_Directions_. A precise copy of the data is required, with every picture left out.

_Data_.
_____

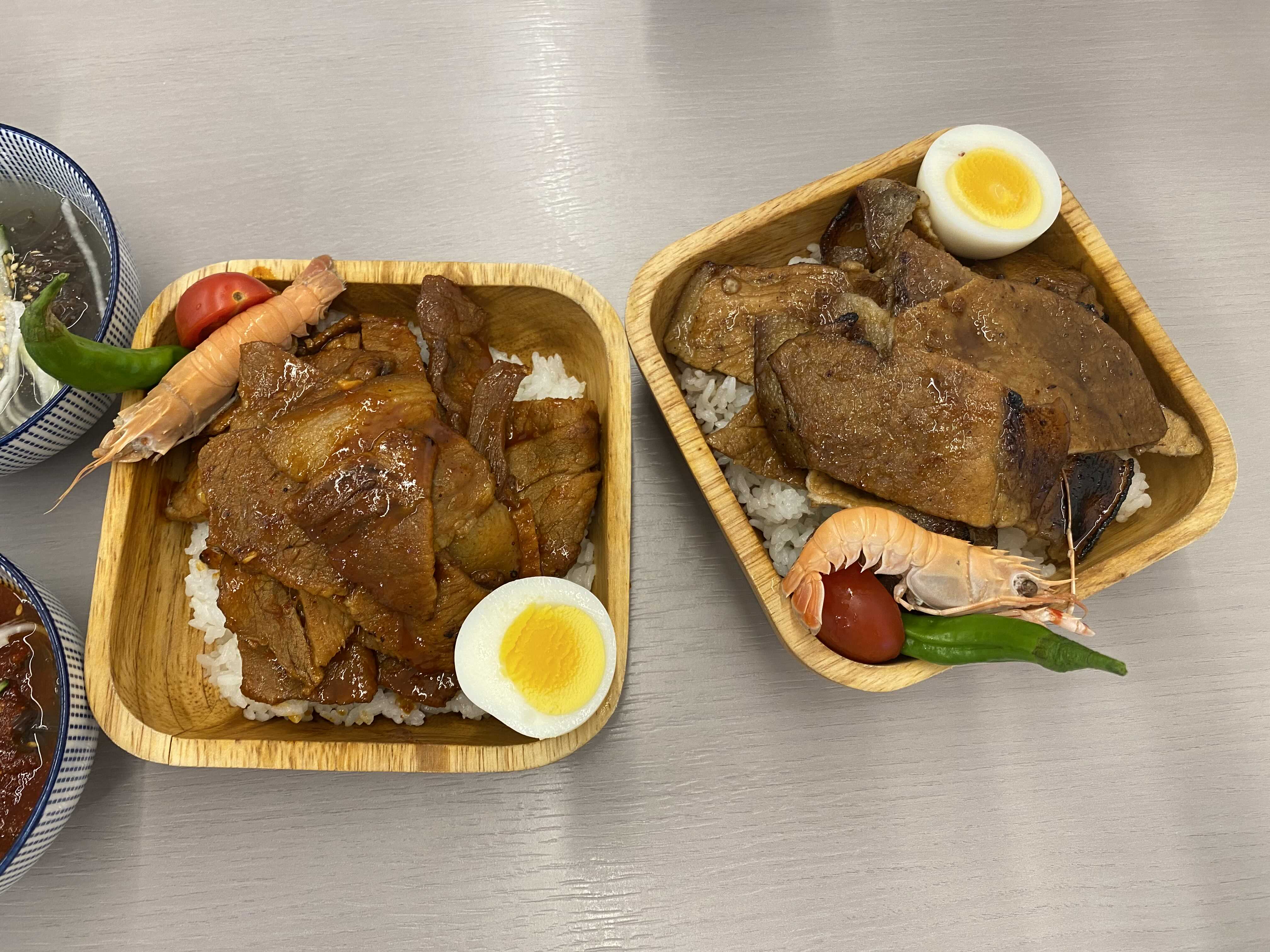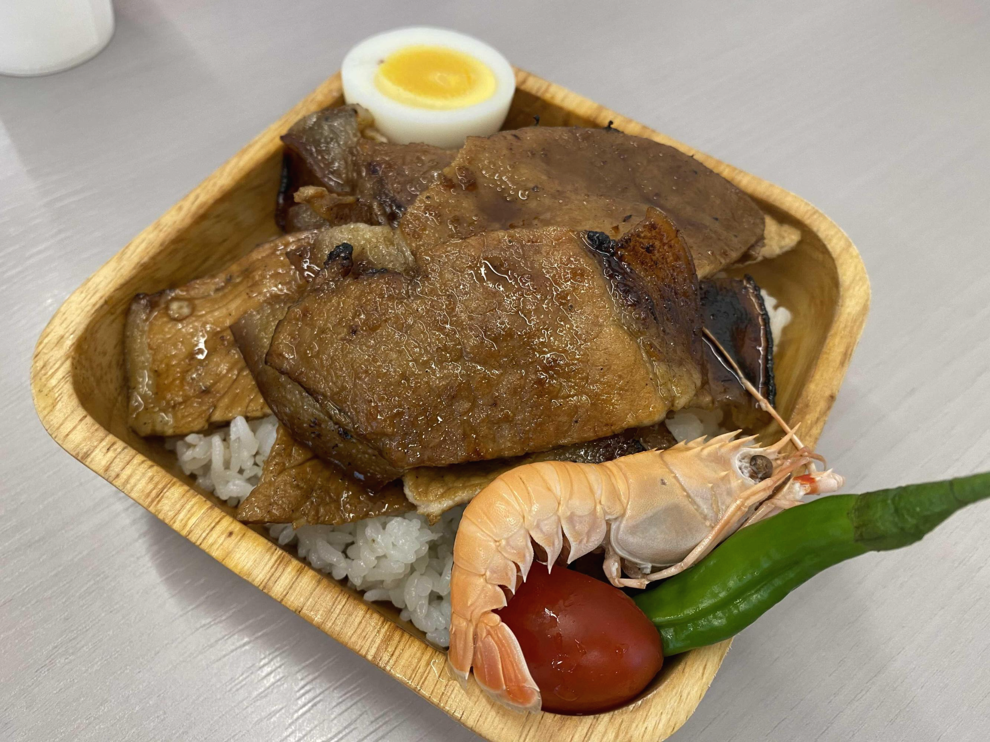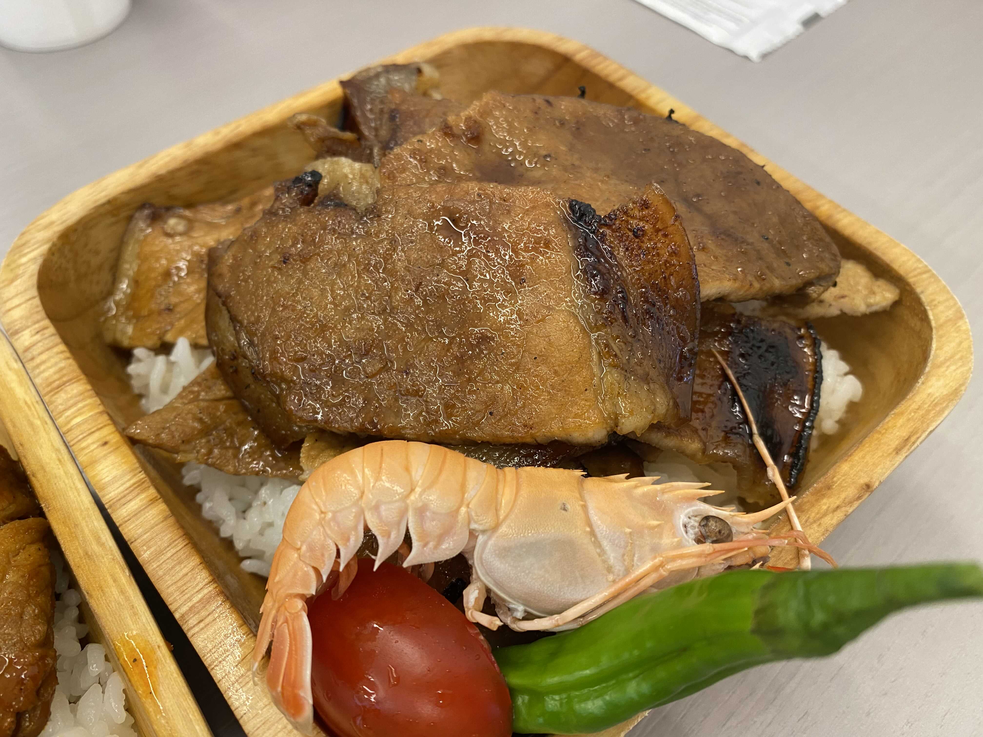 내용물은 진짜 별거 없이 딱새우, 방울토마토 반쪽, 고추, 삶은계란반쪽 그리고 밑에 흰밥 이게 끝이예요 ㅋㅋ
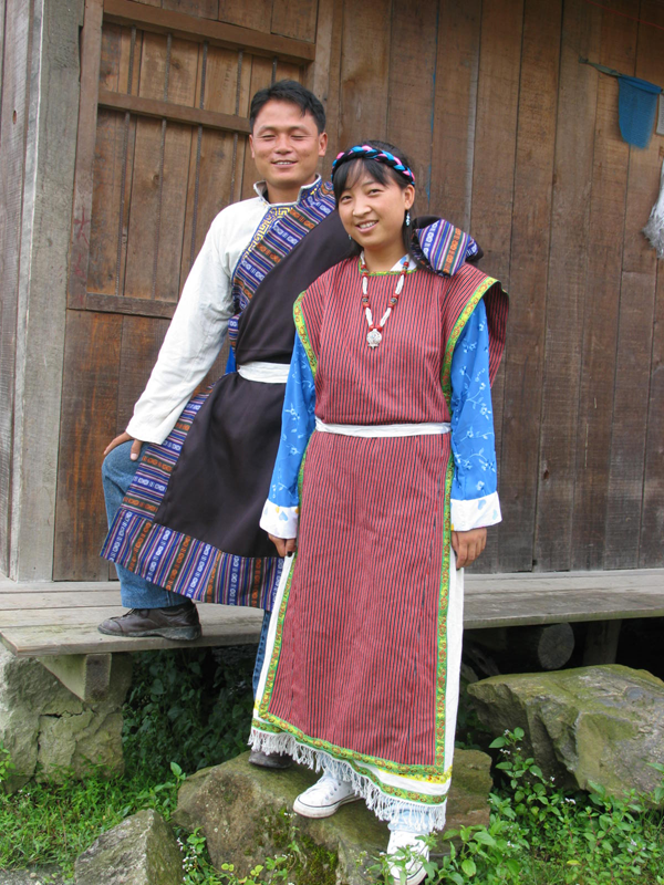 門隅地區(qū)的男女都喜愛用羊毛織品氆氌為原料,穿氆氌袍和絳紅色的長袍,腰間系一條赭色腰帶;女子內(nèi)衣以棉織和蠶織品做原料,顏色絢麗多樣,無開襟、無領(lǐng)、無扣子,只開一個圓口或三角口由頭套穿。外加長袍及上身穿黑氆氌做的“熱故”(門巴語,留有邊子的短服),下身腰部圍一塊白氆氌做的“吉瑪”(門巴語,圍裙)圍裙,并在圍裙右下角綴有“雍仲”(藏語,意為堅固、永固。原始宗教苯教奉為神秘字,并以左旋逆時針方向之形字紋作為代表)吉祥圖案,有的繡有“日月吉祥”圖案。
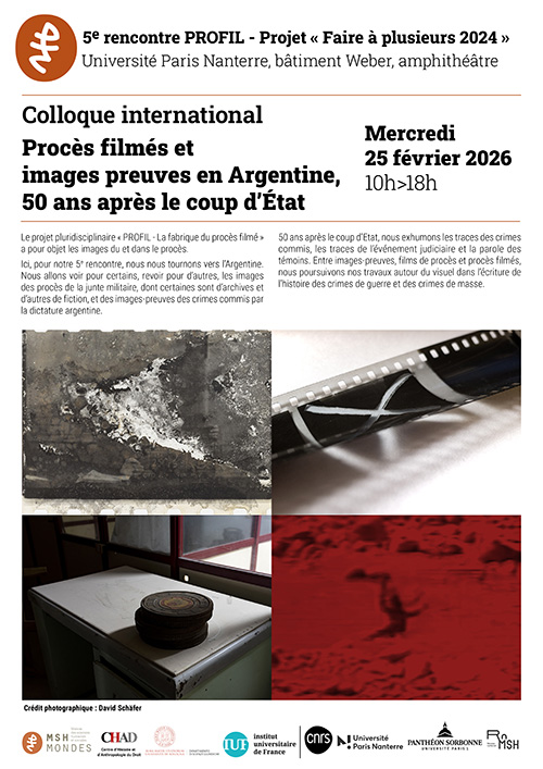 Le projet pluridisciplinaire « PROFIL – La fabrique du procès filmé » a pour objet les images du et dans le procès. Ici, pour notre 5e rencontre, nous nous tournons vers l’Argentine. Nous allons voir pour certains, revoir pour d’autres, les images des procès de la junte militaire, dont certaines sont d’archives et d’autres de fiction, et des images-preuves des crimes commis par la dictature argentine. 50 ans après le coup d’Etat, nous exhumons les traces des crimes commis, les traces de l’événement judiciaire et la parole des témoins. Entre images-preuves, films de procès et procès filmés, nous poursuivons nos travaux autour du visuel dans l’écriture de l’histoire.
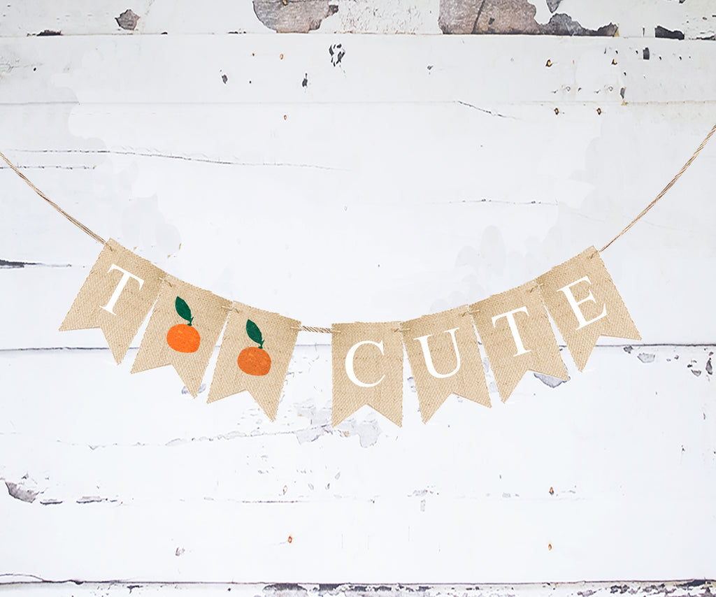This cute tangerine banner with the words "too cute" is perfect for a baby shower or baby sprinkle and can be used for a little cutie’s birthday party with a tangerine theme. Gorgeous in a bright white font with a vibrant tangerine painted in orange and green to separate the words.

_____

_Exercise solution_.
 내용물은 진짜 별거 없이 딱새우, 방울토마토 반쪽, 고추, 삶은계란반쪽 그리고 밑에 흰밥 이게 끝이예요 ㅋㅋ
 門隅地區(qū)的男女都喜愛用羊毛織品氆氌為原料,穿氆氌袍和絳紅色的長袍,腰間系一條赭色腰帶;女子內(nèi)衣以棉織和蠶織品做原料,顏色絢麗多樣,無開襟、無領(lǐng)、無扣子,只開一個圓口或三角口由頭套穿。外加長袍及上身穿黑氆氌做的“熱故”(門巴語,留有邊子的短服),下身腰部圍一塊白氆氌做的“吉瑪”(門巴語,圍裙)圍裙,并在圍裙右下角綴有“雍仲”(藏語,意為堅固、永固。原始宗教苯教奉為神秘字,并以左旋逆時針方向之形字紋作為代表)吉祥圖案,有的繡有“日月吉祥”圖案。
 Le projet pluridisciplinaire « PROFIL – La fabrique du procès filmé » a pour objet les images du et dans le procès. Ici, pour notre 5e rencontre, nous nous tournons vers l’Argentine. Nous allons voir pour certains, revoir pour d’autres, les images des procès de la junte militaire, dont certaines sont d’archives et d’autres de fiction, et des images-preuves des crimes commis par la dictature argentine. 50 ans après le coup d’Etat, nous exhumons les traces des crimes commis, les traces de l’événement judiciaire et la parole des témoins. Entre images-preuves, films de procès et procès filmés, nous poursuivons nos travaux autour du visuel dans l’écriture de l’histoire.
This cute tangerine banner with the words "too cute" is perfect for a baby shower or baby sprinkle and can be used for a little cutie’s birthday party with a tangerine theme. Gorgeous in a bright white font with a vibrant tangerine painted in orange and green to separate the words.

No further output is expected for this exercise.